Алия встала – шестнадцатилетняя девушка среди мрачных мужчин, но было ясно, кому принадлежит власть.
– Ривато, нам нужно время, чтобы обдумать твои слова. – Если обсуждение не прервать, она может приказать казнить его, а потом пожалеет об этом. – У меня много важных дел, включая официальные похороны брата.
– И похороны по обычаю фрименов для Чани, – негромко добавил Стилгар.
Алия холодно улыбнулась Ривато.
– Возвращайся на Салусу и жди нашего ответа. Ступай.
С торопливым поклоном ничего не добившийся посол отступил, и стражницы-амазонки увели его. Едва дверь за ним закрылась, Дункан сказал:
– Его предложения имеют смысл.
– Да? Хочешь, чтобы я вышла за старого Шаддама? – Гхола сохранял невозмутимость, и Алия задумалась о том, есть ли у него какие-нибудь чувства. Или он просто хорошо их прячет? – Не желаю больше слышать об этих династических нелепостях. – Резким жестом она оборвала дальнейшее обсуждение. – Дункан, я хочу, чтобы ты кое-что сделал для меня.

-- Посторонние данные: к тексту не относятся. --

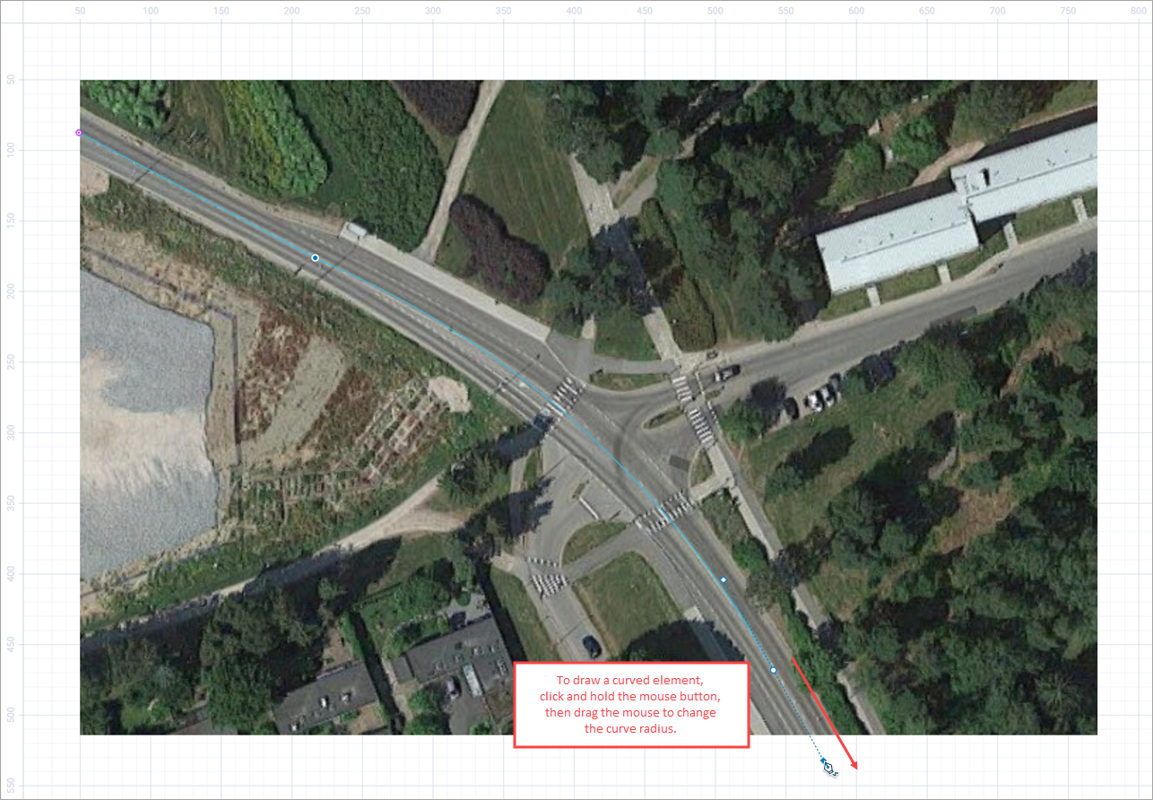The next segment of our road is curved. To draw a curved segment, press the left mouse button at the road’s next turning point (at the beginning of the next linear segment) and, with the left mouse button being pressed, move the mouse until you get the required shape. Release the mouse button when you are finished adjusting the shape.

На следующий день Алия через тайный глазок заглянула в камеру смертников. Принцесса Ирулан сидела на жесткой скамье, ни на что определенное не глядя и не проявляя ни следа нетерпения. Ее поза выражала печаль, но не страх. Она не боится за свою жизнь. Трудно было признать, что она оплакивает смерть Пауля, но Алия знала, что это так.
Игра ей надоела, Алия отошла от глазка и приказала стражнику-кизаре в желтом одеянии открыть дверь. Когда девушка-регент вошла, Ирулан встала.
– Ты пришла сообщить мне дату казни? Ты убьешь меня наконец?
Она словно искренне интересовалась ответом, но не боялась его.
– Я еще не определила твою судьбу.
– А жрецы уже определили, и их толпы требуют моей крови.
– Но я регент империи, и я решаю. – Алия загадочно улыбнулась. – Я еще не готова открыть тебе твою судьбу.
Ирулан со вздохом снова села.
– Тогда что тебе от меня нужно? Зачем ты пришла?
Алия ласково улыбнулась.
– У меня побывал посол с Салусы Секундус. Через него твой отец предлагает нелепые браки с представителями дома Коррино, которые будто бы способны решить большинство проблем империи.
– Я сама думала об этом, но ты больше не прислушиваешься к моим советам, хотя уважала меня, когда была моложе, – спокойно сказала Ирулан. – Какой ответ ты ему дала?
– Посол улетел на челноке вчера вечером к ждущему на орбите лайнеру Гильдии. К несчастью, по неизвестным причинам на челноке отказал двигатель, и он упал с большой высоты. Боюсь, никто не выжил. – Алия покачала головой. – Кое-кто подозревает саботаж, и мы проведем полное расследование… как только появится время.
Ирулан в ужасе посмотрела на нее.
– Дункан Айдахо вывел из строя двигатель? Или Стилгар?
Алия постаралась сохранить невозмутимое выражение, но смягчилась, вспомнив, что они с принцессой были очень близки. Ситуация не белая и не черная. Ирулан окружена серым.
– Теперь, после смерти брата, заговорщики и узурпаторы подкрадываются ко мне со всех сторон. Мне нужно проявить силу и характер, не то все, ради чего старался Муад'Диб, погибнет.
Ирулан сказала:
– Но что еще ты потеряешь в пути?
– Возможно, тебя, принцесса. Стоит мне только пальцем пошевелить.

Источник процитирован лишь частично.